By Jason Bramwell
Of the 845 small business owners – both members and nonmembers of the NSBA – who responded to questions in August for the 2013 Small Business Technology Survey , 94 percent said they are either very concerned (59 percent) or somewhat concerned (35 percent) about cybersecurity, while nearly half (44 percent) of small businesses report having been the victim of a cyberattack.
"Small business owners are handling more of their firm's IT operations," NSBA President and CEO Todd McCracken said in a written statement. "This growing IT reliance makes issues, such as cybersecurity, intellectual property protection, and a functional online marketplace, critically important in today's global economy."
When asked who is primarily responsible for handling their business' tech support, 40 percent of small business owners said they do it themselves, up from 25 percent in 2010. Thirty-two percent said a member of their staff handles it, down 4 percent from three years ago, while 24 percent pay an outside company to handle tech support, down 12 percent from 2010.
Thirty-nine percent of small business owners said they are in charge of their organization's online security, while 33 percent said a member of their staff handles it. Twenty-one percent contract with an outside company to handle online security.
Small business utilization of technology platforms or items – such as Cloud computing (43 percent in 2013 versus 5 percent in 2010), smartphones (74 percent versus 57 percent), and laptops (84 percent versus 67 percent) – increased over the last three years. This shift has driven an increase in small business owners who report they allow employees to telecommute – up from 44 percent three years ago to 60 percent today.
The cost of needed upgrades (44 percent), security issues (42 percent), and the time it takes to fix problems (41 percent) were rated as the top three IT challenges facing small firms. When it comes to challenges with their websites, time was again a key factor, as 64 percent of small business owners cited the time it takes to make updates as their biggest challenge. The cost of maintaining their website was less of a factor; however, 26 percent still said it was the biggest issue they face concerning their website.

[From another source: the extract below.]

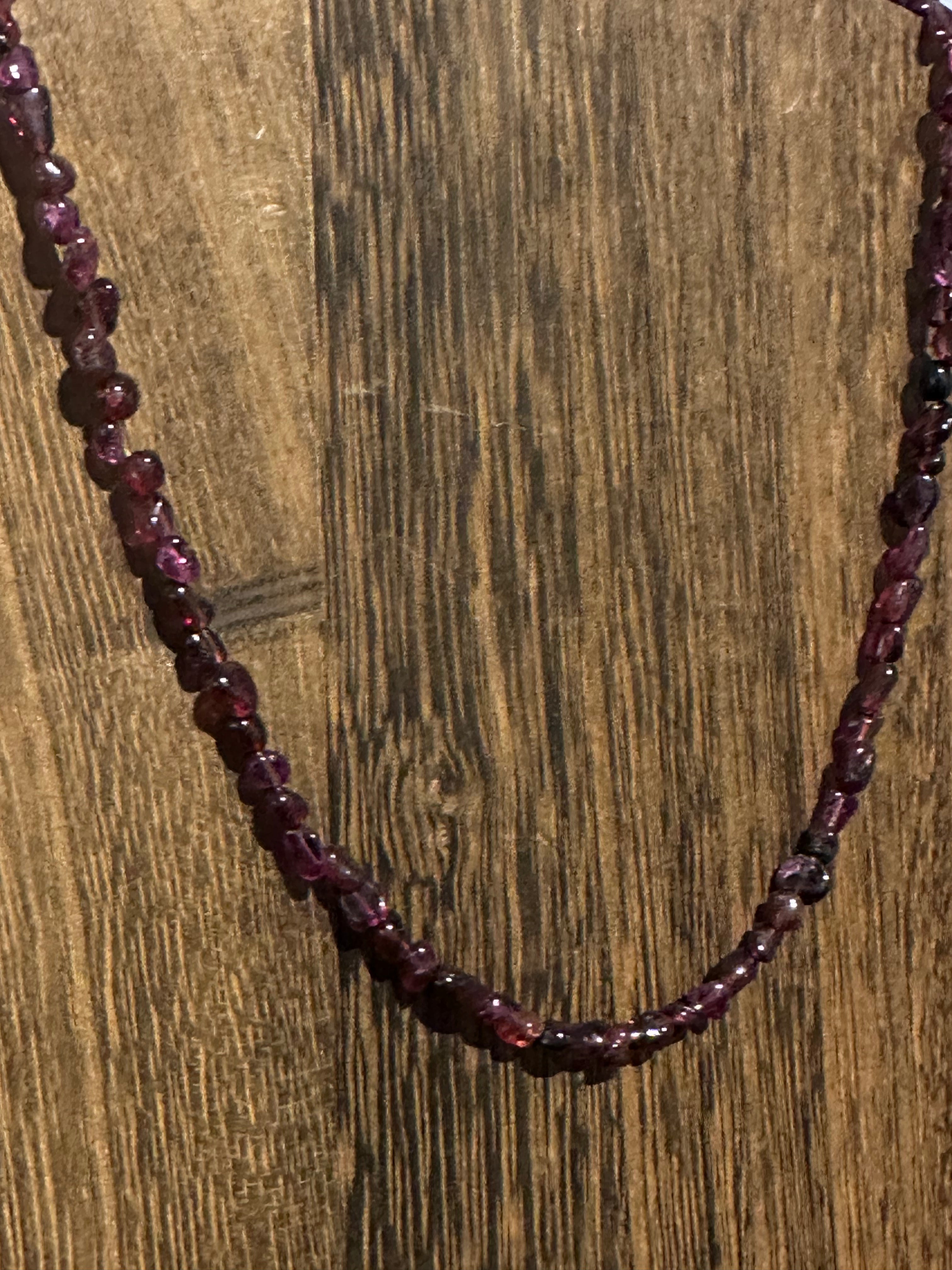 The necklace is perfectly balanced in weight and texture: lightweight enough to wear all day comfortably, yet substantial enough to feel special the moment it’s clasped around your neck. Each garnet bead is polished to a smooth finish and strung with care, giving the strand a soft, fluid drape that lays beautifully against the skin. The subtle variation in natural stone adds character and depth—no two necklaces are exactly alike, making your Ingrid uniquely yours.

Cyberattacks cost small businesses on average $8,699 per attack, according to survey results. Among those whose business banking accounts were hacked, the average losses were $6,927. Business checking accounts are not protected the same way as traditional consumer banking accounts – a loophole in the law of which just one in four small businesses are aware.
About the survey:
The 2013 Small Business Technology Survey by the NSBA was conducted online from August 14 to 23 among 845 small business owners, representing every industry in every state in the nation. While the survey was sent to a larger sample set than a similar survey conducted by the NSBA in 2010, the demographics were largely in line with the previous sample sets.